2013/8 | Kolumne | Kolumne

Einstiegsdroge oder Sackgasse?

von Gabriele Vollmar

In den vergangenen Monaten fragten Unternehmen bei mir verstärkt Unterstützung zum Thema „persönliches Wissensmanagement" an, in der Regel in Form einer kleinen internen Weiterbildung für die Mitarbeiter. Sicherlich spielt hierbei der individuelle Leidensdruck der Mitarbeiter hinsichtlich Information Overload und die gestiegenen Ansprüche an die Effizienz der eigenen Wissensarbeit eine Rolle.

Lassen Sie mich an dieser Stelle aber auf einen weiteren Beweggrund eingehen: Die Motivation sich dieses Themas anzunehmen, liegt nach meiner Erfahrung zu einem bedeutenden Anteil in der immer noch herrschenden Unsicherheit hinsichtlich der Einführung eines – unternehmensweiten – organisationalen Wissensmanagements begründet.

D.h. die Notwendigkeit, die Ressource Wissen nachhaltig zu bewirtschaften wird durchaus gesehen, die Scheu hier aber eine tatsächliche Wissensmanagement-Strategie für die Unternehmung zu definieren und umzusetzen, ist gleichzeitig sehr groß: Mögliche Aufwände werden gescheut, Widerstände befürchtet, die leidige Frage nach dem Return on Invest lässt sich scheinbar nicht beantworten (zumindest nicht mittels konventioneller Methoden) usw. Also ist die Hoffnung, das Ganze im Kleinen nach dem Motto „jeder für sich und wie er kann" anzugehen und dadurch einen mittelbaren Effekt für die Gesamtorganisation zu erzielen.
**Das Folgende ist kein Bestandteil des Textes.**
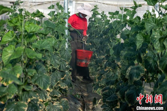 圖為農(nóng)牧民采摘黃瓜。江飛波 攝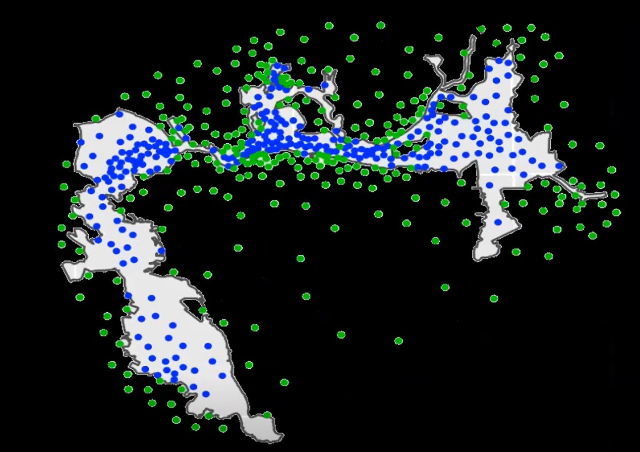 The data set was then used in a generalized linear mixed model with spatial and spatiotemporal autocorrelation fit to the spatial mesh; they then applied a spatial barrier, so the information sharing between the regions and that spatial mesh is constrained to only the wetted area, which gives a more accurate representation of regional trends and fish distribution within the estuary, as shown on the upper right.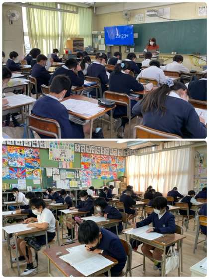 今日は、国語・社会・質問紙の予定です。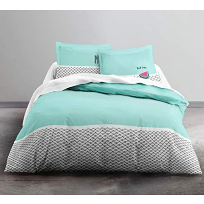 A soft and comfortable bedding for a good night's sleep Size: 1 duvet cover 240 x 260 cm + 2 pillowcases 63 x 63 cm, suitable for double bed. Watermelon model with light blue, white and black shades. Duvet cover is reversible 100% cotton (57 threads/cm²), easy to clean Care instructions: machine wash at 40 °C, tumble dry at low temperature (max. 60)/Iron at low temperature (110 degrees)/Bleaching and dry cleaning prohibited, please wash the item the first time..The small plus: the slits for the hands make it easy to attach the duvet and the concealed button placket ensures a neat look.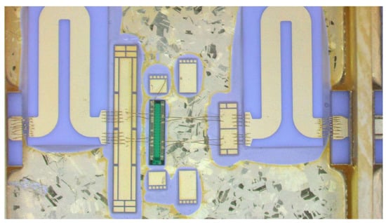 We evaluated the RF performance of an internally-matched power amplifier with the measurement fixture. Figure 8 is the top-view picture of the GaN power amplifier using a harmonic tuning circuit and measurement fixture. The detail of the proposed PA is given with an enlarged photo shown in Figure 9. The metal cavity underneath the measurement fixture is used to improve the heat dissipation of the internally-matched power amplifier. The width of a single gate finger is 210 μm. The package size is 13.4 × 13.5 mm2. The internally-matched power amplifier is tested under the condition of a CW signal. The drain bias voltage is 28 V, and the quiescent drain current is 50 mA.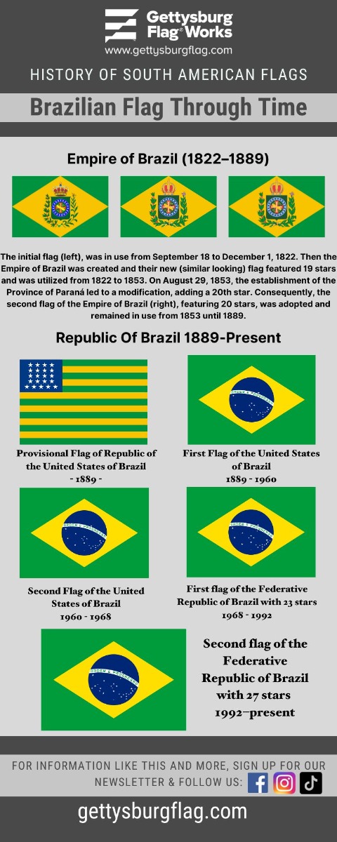 Over time Brazil has been colonized by the Portuguese and had adopted the flag of the United Kingdom of Portugal, Brazil and the Algarves. Then, in 1822 the first Independent Kingdom of Brazil was established and three flags were used throughout that 50 year time period. Each of these flags were very similar to the last. The most current era of Brazil is the Republic of Brazil which still stands tall today. There have been 5 flag variations in this time starting with the provisional flag of the Republic of the United States of Brazil, going all the way to the current Brazilian flag.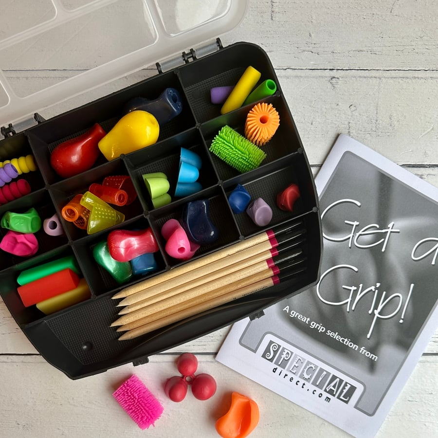 Stort sæt til hele klassen, så børnene kan vælge sig det greb, der hjælper dem bedst til et godt greb om blyanten.Der følger vejledningshæfte med fuld af tips til at bruge grebene og vælge det rette, der ikke belaster fingrene. Med praktisk opbevaring, så I kan holde styr på de mange typer, så det ikke bliver rodet helt sammen.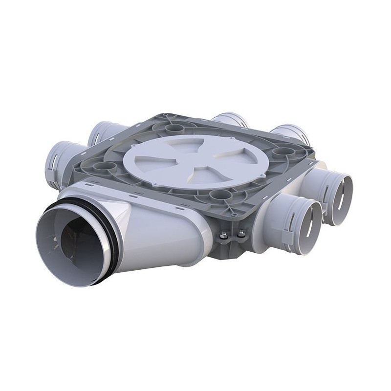 Dane techniczne:Wymiary przyłączeniowe: 6xØ75 mm / 125 mmTemperatura pracy: od -20 do +60°С.W zestawie uchwyty do mocowania kanałów FlexiVent 03..Uszczelka obwodowa FlexiVent 0575 (gwarancja szczelności w klasie C).Producent: Vents |

Diese Annahme ist nun sicherlich nicht falsch. Zumal viele Werkzeuge eines persönlichen Wissensmanagements ebenso auch für ein Team, eine Abteilung usw. eingesetzt werden können und somit im besten Falle eine Art Schneeballeffekt entstehen kann. Die Beschäftigung mit persönlichem Wissensmanagement kann zu einer Art Einstiegsdroge werden; am Ende der Entwicklung stünde dann auch ein organisationales Wissensmanagement, das eben zunächst bottom-up initiiert wurde. So gesehen kann der Weg über das persönliche Wissensmanagement ein durchaus gangbarer für uns Wissensmanager sein, um auch eher zögerliche Organisationen „zu knacken". Ich sehe in dieser Entwicklung aber durchaus auch ein Risiko, nämlich das, dieses unbehagliche Thema gewissermaßen kleinzukriegen und endgültig zu einem Nischendasein in der Organisation zu verurteilen, sich damit auch der Verantwortung zu entziehen, auf Ebene der Organisation förderliche Rahmenbedingungen für (persönliche) Wissensarbeit zu gestalten.

Kümmert sich jeder in erster Linie um sich selbst, entsteht zwar auch ein gewisser Masseneffekt, dessen Auswirkung und Reichweite – und damit auch das Nutzenpotenzial – sind aber begrenzt. Persönliches Wissensmanagement ist ein wesentlicher Bestandteil der angesprochenen Rahmenbedingungen, es kann und darf aus Sicht der Organisation, aber auch aus Sicht der Gesellschaft und der Volkswirtschaft kein Endzweck sein.y

Verstehen Sie mich nicht falsch! Ich plädiere nicht für die großen, umfassenden, allzu oft zu akademischen, allzu oft zu umsetzungsresistenten Gesamtkonzepte. Diese sind in der Vergangenheit zu häufig und zu Recht gescheitert oder haben den Weg vom Schreibtisch „auf die Straße" noch nicht einmal gefunden. Ein Rückzug in eine Art Privatheit des Wissensmanagements kann aber auch keine Lösung sein. Vielmehr brauchen wir beides: Die organisationsweite Wissensmanagementstrategie als Orientierungsrahmen und Schaffer notwendiger Rahmenbedingungen sowie die Wissensmanagement-Kompetenz jedes Einzelnen, die ihn auch befähigt, das organisationale Wissensmanagement angemessen zu nutzen und umzusetzen.

Schließen möchte ich mit einer Frage des Nationalökonoms Friedrich August von Hayek, die er schon 1974 in seinem Werk „Die Anmaßung von Wissen" stellt: „Wie kann das Zusammenwirken von Bruchstücken von Wissen, das in den verschiedenen Menschen existiert, Resultate hervorbringen, die, wenn sie bewusst vollbracht werden sollten, auf Seiten des lenkenden Verstandes ein Wissen erfordern würden, das kein einzelner Mensch besitzen kann?" Es gilt also, die Sphäre des rein Persönlichen zu überwinden – auch und gerade im Wissensmanagement.